“Do you know how to play backgammon?” She set up the pieces on his bed. Sam cranked up the music in his shitty headphones and turned his back in response. Until the yelling really got going. That’s the thing about mobile homes. The walls were wafer thin. Jude’s eyes widened.
Sam sighed, plugged his headphones into Jude’s iPad, and put them on her. He showed her a few videos. Heavy hitters like corgis waddling on a trampoline and baby pandas squirming to a medley of dancehall music. There was a supercut of a cockatoo that played piano with its feet, and once Jude settled into an instructional of a woman making cupcakes resembling acid-washed jeans, Sam checked on his mom.

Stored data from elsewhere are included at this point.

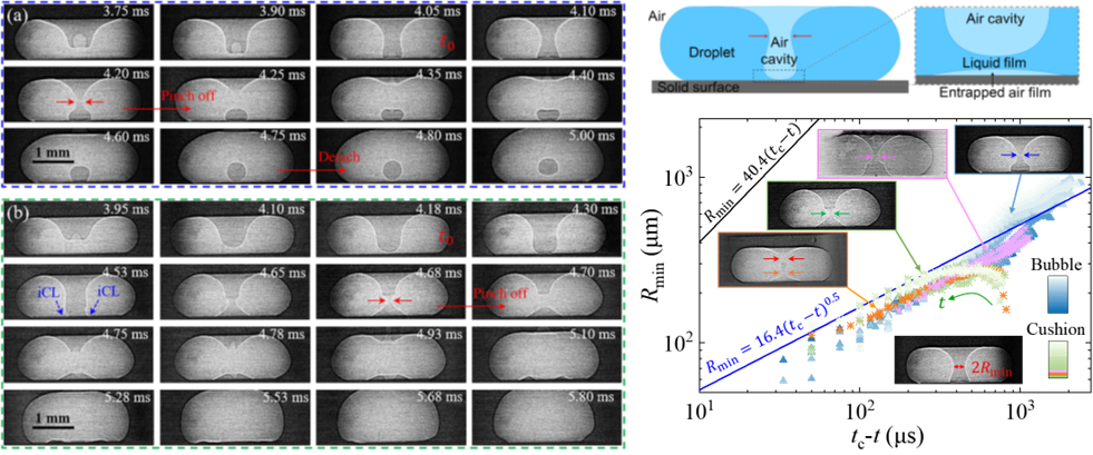 固液界面相互作用涉及典型的多尺度界面現(xiàn)象與流動過程,液滴撞擊固體表面時會沿中心軸產(chǎn)生圓柱形氣腔,并在液滴下方捕獲一層空氣薄膜。傳統(tǒng)觀點(diǎn)認(rèn)為這層氣膜在影響撞擊結(jié)果中起關(guān)鍵作用。之前的研究僅發(fā)現(xiàn)慣性主導(dǎo)的軸向內(nèi)爆導(dǎo)致氣腔夾斷并演化為氣泡,而對不形成氣泡的情況并不清楚,對氣腔與氣膜的相互作用也不了解。由于動態(tài)液滴中存在多個液氣界面和復(fù)雜的構(gòu)型變化,傳統(tǒng)光學(xué)成像方法無法深入解析多界面動力學(xué)。
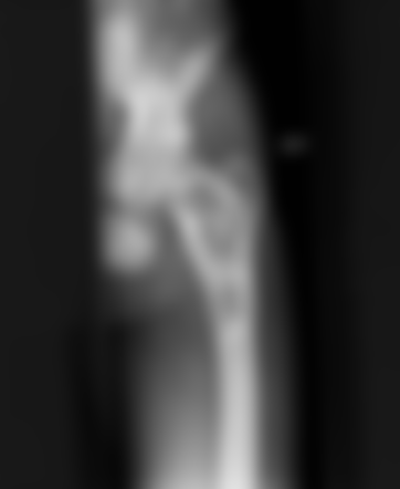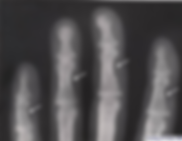 8.40歲女性下顎骨前牙區有如圖之放射線透過性病灶,且被檢查出高血鈣、低血磷酸鹽及高鹼性磷酸酶的情形, 則最可能罹患下列何種疾病?
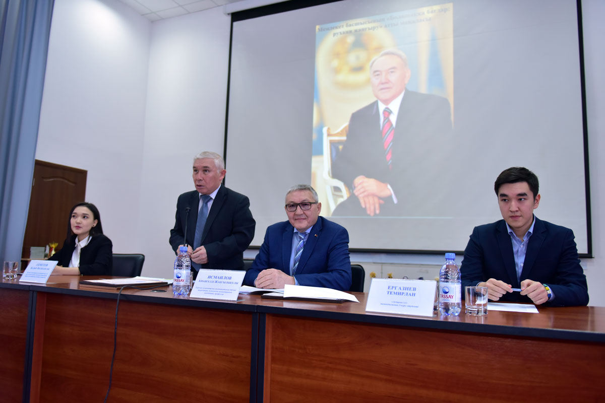 Проректор К.А. Ахметов, выступая перед присутствующими, остановился на главных ориентирах статьи Главы государства: мир начинает новый исторический цикл. Поэтому важно сконцентрироваться и адаптироваться к новым условиям, взяв лучшее из того, что несет в себе новая эпоха. Развиваться и достигать тех поставленных задач в экономике, о которых пишет Президент, а самое главное, конечно же, войти в число высокоразвитых прогрессивных стран современного мира. А это возможно только в том обществе, где духовные ценности и приоритеты будут правильно и корректно расставлены.
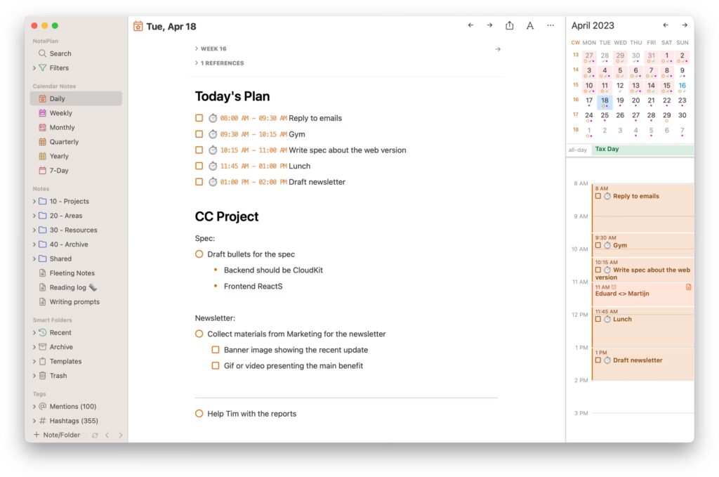 Grundlagt i 2016, er TaskPaper en af de ældste to-do apps til Mac. Dets seneste version, TaskPaper3, bevarer det almindelige tekstformat fra den originale app, men med et moderne twist. Værktøjets enkle almindelige tekstformat gør det også ideelt for brugere, der finder avancerede projektstyringsapps distraherende eller forvirrende. TaskPaper3 integrerer problemfrit med din Macs påmindelsessystem, så du aldrig går glip af noget på din to-do liste.
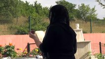 Edirne Yenişehir Mezarlığı'na gelen baba Süleyman ve anne Hafize Çetin, şehit kızlarının kabrini temizledi ve dua etti.
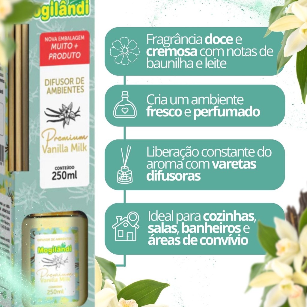 Difusor de Ambientes Premium Mogilândi Vanilla Milk – 250ml
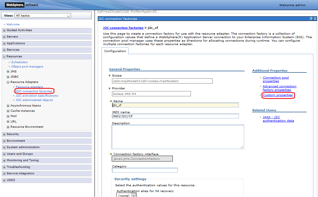 J2C connection factory | j2c_cf | JNDI/J2C/CF | A J2C entity used to access a Solace javax.jms.ConnectionFactory (For Outbound messaging) |
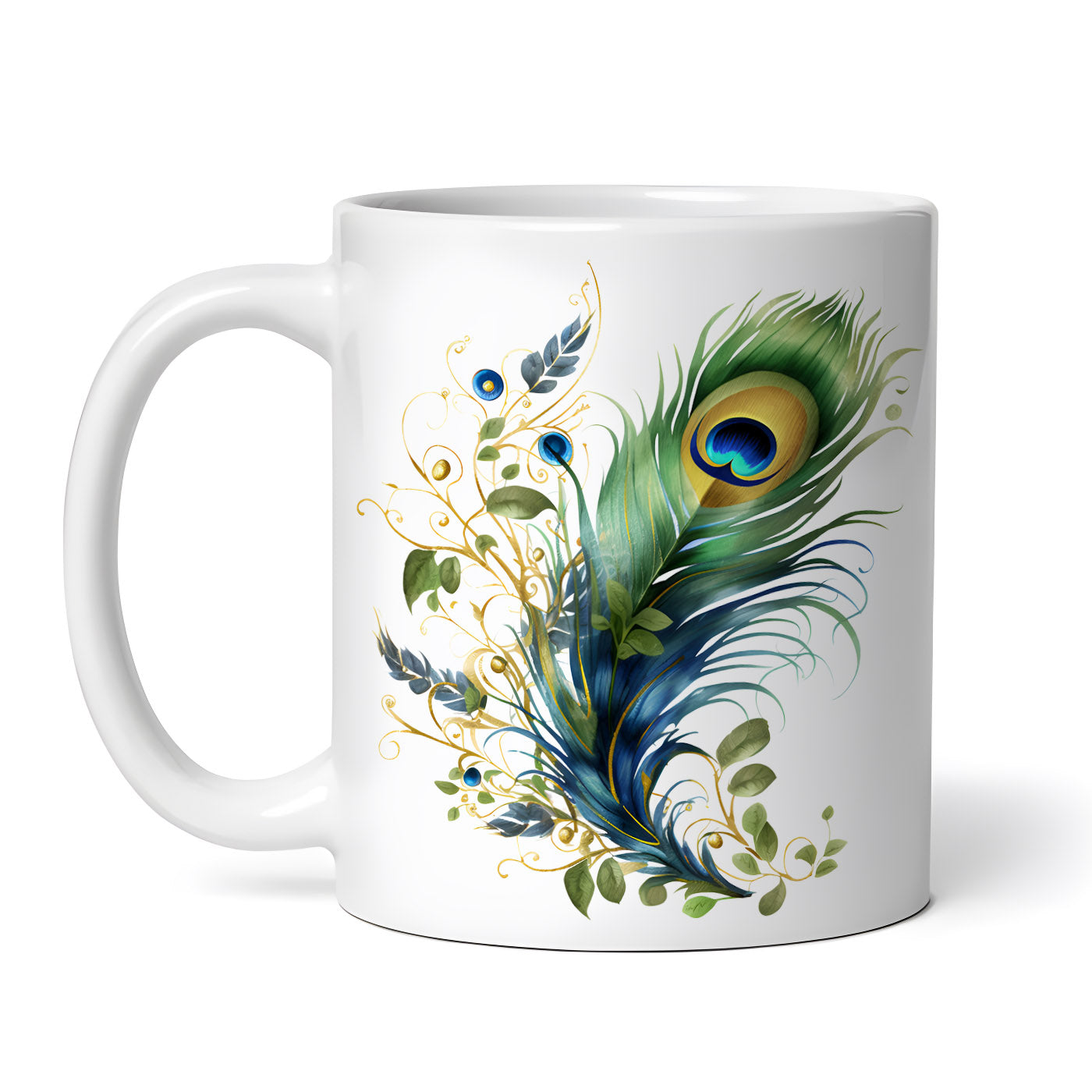 Cana ceramica, Pana de paun Lily, NO4974, 330 ml, Multicolor

Through the crack of his door he could see Brandi Rose at the sink alone, drinking a tall glass of orange juice that likely contained as much vodka. The men were out of sight though not out of earshot. For the next hour Sam and Jude watched videos. By the end of the afternoon Sam could tell a kind of resolution had gone down. He hoped the wedding was called off. That Mr. Lange’s impetuous proposal had been the handiwork of a senile man and his jerk son had in fact saved the day. They weren’t quite so lucky. The happy couple married a few weeks later, with a five-day honeymoon cruise on the Mayan Riviera. Despite the joyous nuptials and the infinite promises, Brandi Rose’s husband failed to move them out of their trailer home; nor did he ever spend a night in her bed.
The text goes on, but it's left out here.